Der Weg des Traders: Warum überhaupt traden?

Der Weg des Traders: Warum überhaupt traden?

Am Anfang einer Trader-Karriere steht oft eine einfache Frage: Warum sollte ich überhaupt an der Börse handeln? Daran schließen sich weitere Frage an: Ist das nicht viel zu riskant? Und was habe ich denn auf Dauer davon?

Das alles sind berechtigte Fragen. Viele Menschen befassen sich nicht gern mit ihren Finanzen. Sie überlassen lieber alles einem Fondsmanager oder legen ihr Geld sicher aufs Sparbuch.

Beides ist allerdings keine optimale Lösung. Denn zum einen liefert ein Sparbuch heute praktisch keine Zinsen. Und zum anderen schneiden fast alle klassischen Investmentfonds unter anderem wegen hoher Gebühren über einen längeren Zeitraum schlechter ab als ein einfacher Index wie der DAX.

Deshalb kann es durchaus sinnvoll sein, die Geldanlage selbst in die Hand zu nehmen. Dies sollte das langfristige Investieren und das Verwalten eines Anlage-Portfolios als Altersvorsorge umfassen, kann aber auch in den mittel- und kurzfristigen Trading-Bereich ausgebaut werden. Das ist sogar für sonst eher langfristige Anleger interessant, da sie sich mit Trading-Produkten zum Beispiel gegen zwischenzeitliche Kursverluste absichern können.

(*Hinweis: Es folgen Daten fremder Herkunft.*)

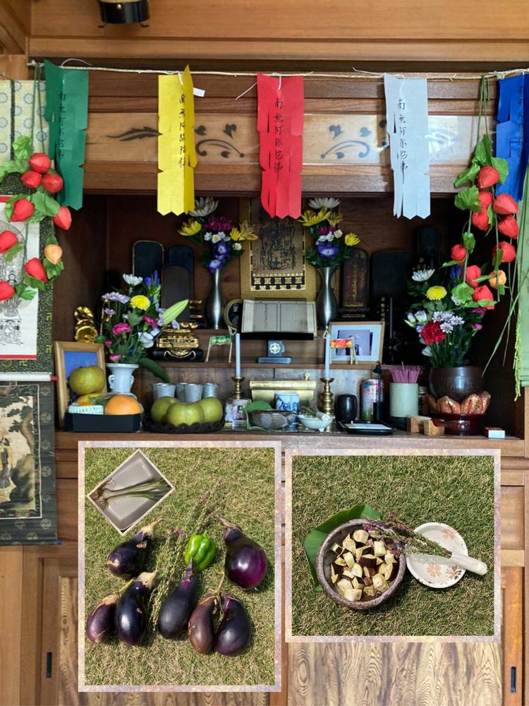 🍆7個 🫑1個 長ネギ2本 ミソハギを束ね

Oder nehmen wir ein ganz anderes Beispiel. Angenommen, wir fahren in wenigen Monaten in den Urlaub und sehen, dass der Wechselkurs gerade sehr attraktiv ist. Bis zum Urlaub könnte sich das durchaus wieder ändern. Um den momentanen Kurs zu sichern, können wir einen Trade im entsprechenden Währungspaar eingehen. Der Chart unten zeigt ein gutes Beispiel dafür. Das Risiko dabei: Wird der Wechselkurs bis zum Urlaub nicht schlechter, sondern noch besser, wären wir ohne die Kurssicherung besser dran gewesen.

Der aktive Handel bietet Tradern heute viele Möglichkeiten. So kann man zum Beispiel sowohl von steigenden als auch fallenden Kursen an den Märkten profitieren und dabei Hebeleffekte nutzen. Früher war diese Art des flexiblen Handels den Profis vorbehalten. Einfache Trading-Produkte wie CFDs ermöglichen es Privatanlegern inzwischen, zu fairen Konditionen kurz- bis mittelfristig zu handeln. Dass diese Art von Börsengeschäften auch riskant ist und nur mit gutem Risikomanagement betrieben werden sollte, haben wir im Artikel zu CFDs bereits ausführlich besprochen.

Es gibt noch einen Grund, sich dem Börsenhandel zu widmen. Einer der entscheidenden Erfolgsfaktoren im Trading ist das strategische Denken und objektive Abwägen von Chancen und Risiken. Das Erlernen dieser Fähigkeit ist mit Sicherheit auch in anderen Lebensbereichen von Nutzen, wenn es darum geht, die richtigen Entscheidung zu treffen – und nicht jene, die uns im jeweiligen Moment vielleicht gerade als die „angenehmsten“ erscheinen. Denn subjektive, auf Emotionen basierte Entscheidungen sind nicht selten diejenigen, die man später bereut – an der Börse wie im Leben.

 

B1) Wechselkurs EUR/NZD

Im Herbst 2015 war das Wechselkursverhältnis von Euro zu Neuseeland-Dollar besonders attraktiv (siehe 1. Markierung, Kurs um 1,80). Wer für den Winter eine Reise in den neuseeländischen Sommer plante, konnte sich die guten Kurse bis dahin sichern – und zwar mit einem Short-Trade im EUR/NZD in Höhe des geplanten Urlaubsbudgets. Bis zur Reisezeit im Dezember brachte dies einen Gewinn, der die Verschlechterung des Wechselkurses auf rund 1,60 (siehe 2. Markierung) kompensierte. Wäre der Kurs dagegen weiter gestiegen, hätte man im Urlaub nicht vom dann noch besseren Kurs profitieren können, da der Absicherungs-Trade entsprechend einen Verlust gebracht hätte.